Испытания проводились на стенде «Центрифуга короткого радиуса» ГНЦ РФ-ИМБП РАН. Радиус ЦКР – 2,5 м. В Эксперименте участвовали шесть практически здоровых добровольцев-мужчин в возрасте 25–45 лет. Все добровольцы получили заключение врачебно-экспертной комиссии о допуске к испытаниям и подписали Информированное согласие на участие в эксперименте в соответствии с Хельсинкской декларацией. Было проведено одно фоновое вращение и пять контрольных. Все вращения выполнены с ускорением +2g и направлением «голова-таз». Забор крови проводился утром натощак один раз в фоновом периоде (точка F), непосредственно после вращения (точка 0) и через 60 мин (точка 1) после вращения.
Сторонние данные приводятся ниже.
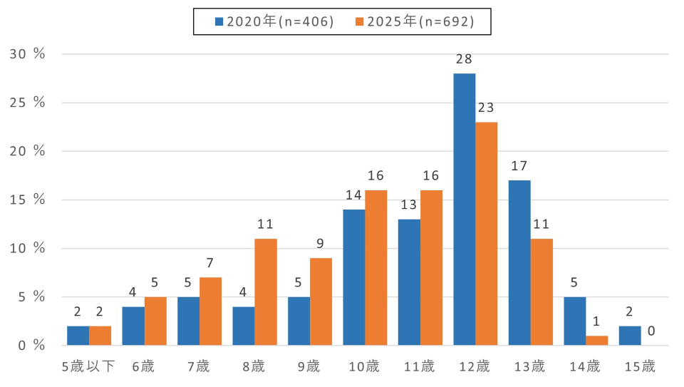 男女ともに最も多い所有開始年齢は12歳だが、2020年と2025年を比較すると、12歳で持ち始める割合は5ポイント低下している。一方で、11歳以下の低年齢層で所有を開始する割合が増加しており、特に8歳で所有し始める割合は5ポイント上昇している。
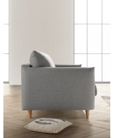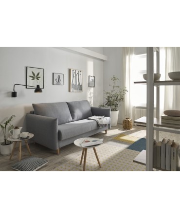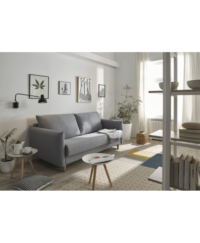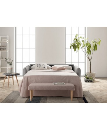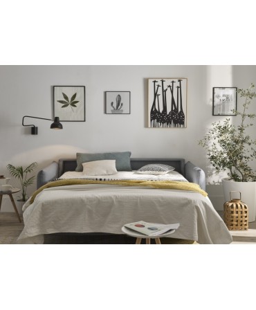 Sofá cama Milan com estrutura em madeira de pinho e aglomerado revestido a espuma.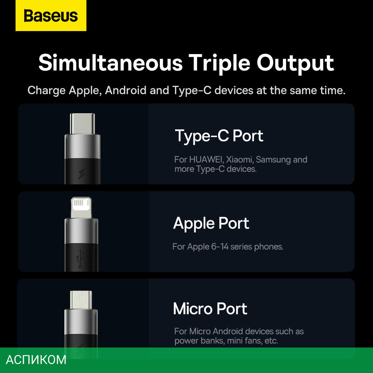 рассчитан на длительное и интенсивное использование; используемая специальная оплетка предотвращает истирание и разрыв кабеля; отлично подходит для людей с несколькими устройствами от разных производителей; стильный дизайн впишется в любую обстановку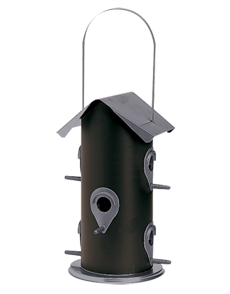 Stor fågelmatare för fågelfrö. Tak och botten i grå, behållare i svart metall. 6 foderuttag med sittpinne i grå plastöverdragen metall. Fylls på uppifrån. Rymmer ca 3 liter. H 32 cm Ø 16 cm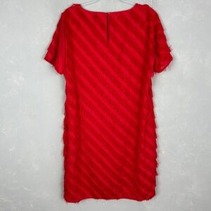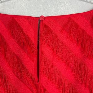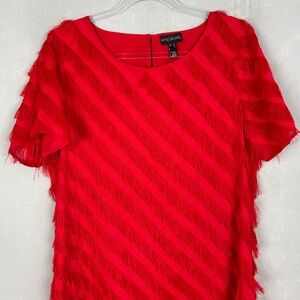 Long Tall Sally size 12 fringe dress red short sleeve chiffon lined side zip
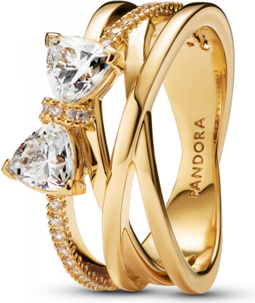 Dodejte svému stylingu třpyt a hřejivou atmosféru s prstenem PANDORA Třpytivá mašlička a překřížená stužka z naší jedinečné směsi kovů pozlacené 14karátovým zlatem. Tento výrazný šperk je ozdobený motivem třpytivé mašličky obklopené pavé. Kroužek má překřížený design s jednou řadou třpytu a třemi leštěnými liniemi. Prsten se dokonale hodí pro mimořádné příležitosti i na každý den, vždy dodá outfit...

Из образцов периферической крови были выделены моноциты с применением системы магнитной сепарации. Для стимуляции TLRs CD14+-моноцитов из взвеси мононуклеарных клеток периферической венозной крови, соответствующими лигандами применялся набор Human TLR1-9 agonist kit (InvivoGen, США). Моноциты в концентрации 1×105/мл инкубировались в течение 24 ч при 37 °С согласно инструкции производителя. Из полученных образцов проводилось выделение тотальной РНК, которая затем отчищалась от примесей геномной ДНК. После, методом обратной транскрипции получали кДНК, с которой проводилась ПЦР-РВ. Оценка результатов проводилась с помощью программы StepOne Sofrware v2.1 и MS Excell 2019, статистическая обработка производилась в программе STATISTICA 10, достоверность результатов оценивалась с использованием критерия Уилкоксона. В качестве референсного значения принималась экспрессия гена в фоновом периоде. Значения нормализовались по house-keeping гену TBP.

В результате работы были получены следующие статистически значимые отличия в экспрессии генов:

• возрастание экспрессии генов TLR2, TLR8 в точках 0 и 1 в 1,3 и в 1,9 раз, соответственно;
• было обнаружено снижение экспрессии гена TNF-α в точке 0 в 1,6 раза;
• экспрессия гена IL1B снизилась сразу после вращение в 1,5 раза, а гена IL8 повысилась в 1,5 раза после вращение.

Для остальных генов не было получено достоверных данных. Касательно исследования культур с поливалентной активацией результаты показали достоверное повышение экспрессии генов TLR1, TLR2, TLR8, TBK, RIP2, TNF-α, HSPA1A, RIPK2, TICAM1, BTK, CD14, IL1B, IL8, CCL2 относительно экспрессии в контрольных культурах клеток. Таким образом, можно заключить, что воздействие ЦКР в заданных режимах не оказывает негативного влияния на TLR-звено врождённого иммунитета.